- [TRY IT] Leave out all pictures and retype exactly the lines from the one with "Le secrétaire à" through the last line of the material.

——————

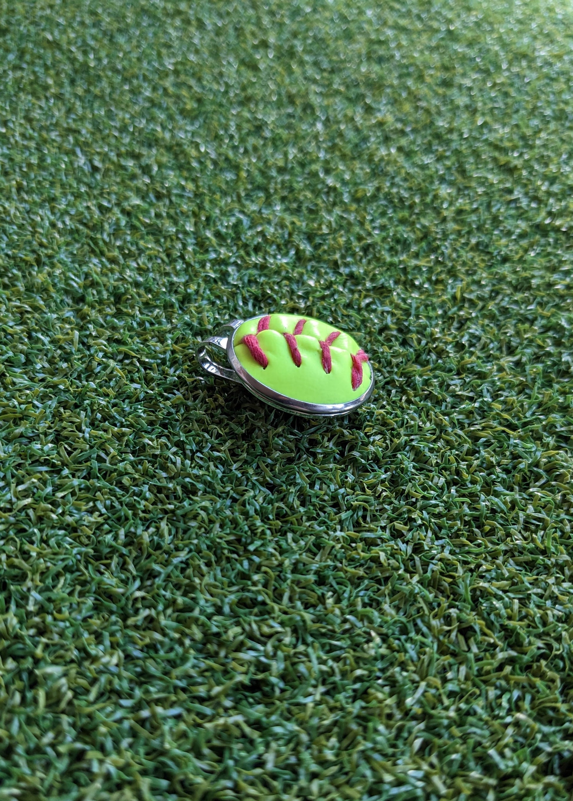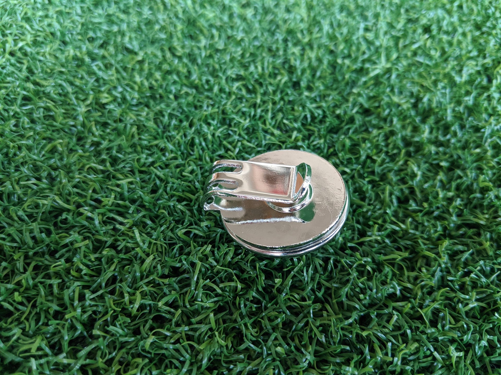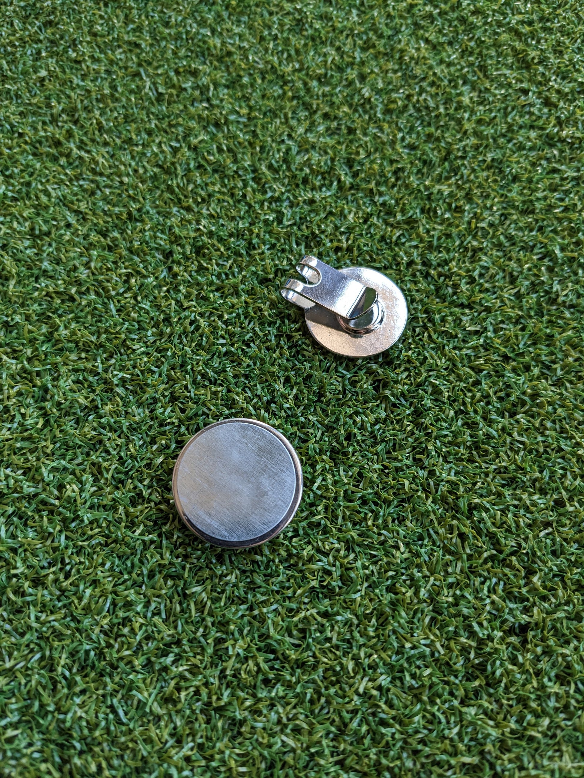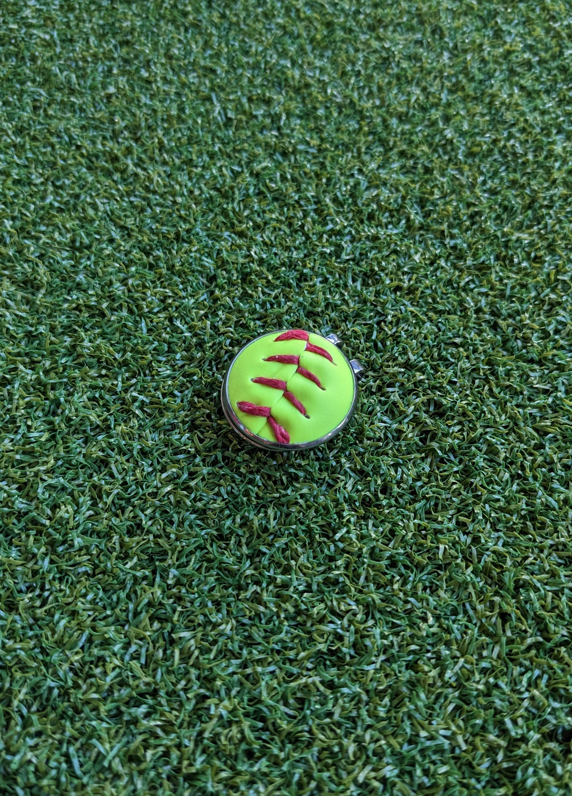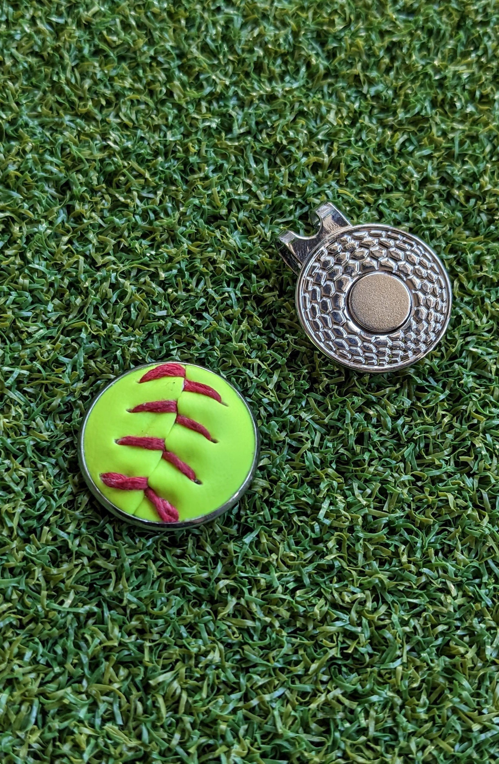 This magnetic golf ball marker features a 1" circle cut from a real softball and a flat metal back. When you're not using it, the strong magnet in the hat clip allows you to easily clip the ball marker on to your hat, or belt, or shirt...
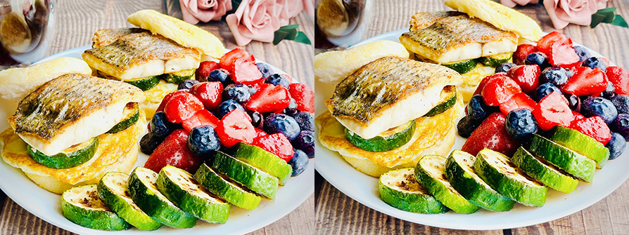 滿福堡2個、金目鱸魚排1片、櫛瓜1條、雞蛋2顆、鹽1/2小匙、黑胡椒粒1/3小匙、酪梨油2小匙、天時冷凍黑醋栗1大匙、天時冷凍藍莓3大匙、天時冷凍草莓14顆
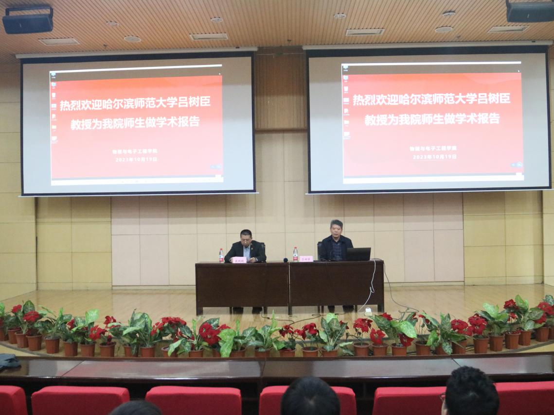 10月19日,哈尔滨师范大学吕树臣教授应beat365官网邀请,在昆仑校区国教楼三楼会议室作了题为“稀土掺杂钨(钼)酸盐基纳米红色荧光粉的制备和发光性质的研究”的学术报告。报告由beat365在线唯一官网登录副院长戴鹏鹏教授主持。学院领导及师生共计200余人听取了报告。
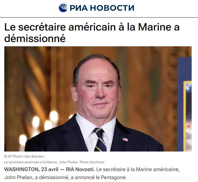 Le secrétaire à la Marine américaine, John Phelan, a démissionné, a annoncé le Pentagone.
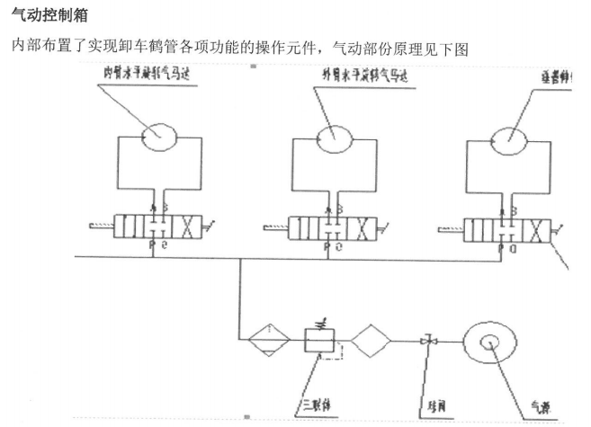 (1)气缸控制系统能在鹤管工作的时候提供动力,操控鹤管外臂上仰或者下俯以及压紧密封帽,动作灵活性比较好,减轻工作人员劳动强度。要求现场气源压力保证(大于0.4Mpa)

——————

- [REPLY]
 Le secrétaire à la Marine américaine, John Phelan, a démissionné, a annoncé le Pentagone.
 (1)气缸控制系统能在鹤管工作的时候提供动力,操控鹤管外臂上仰或者下俯以及压紧密封帽,动作灵活性比较好,减轻工作人员劳动强度。要求现场气源压力保证(大于0.4Mpa)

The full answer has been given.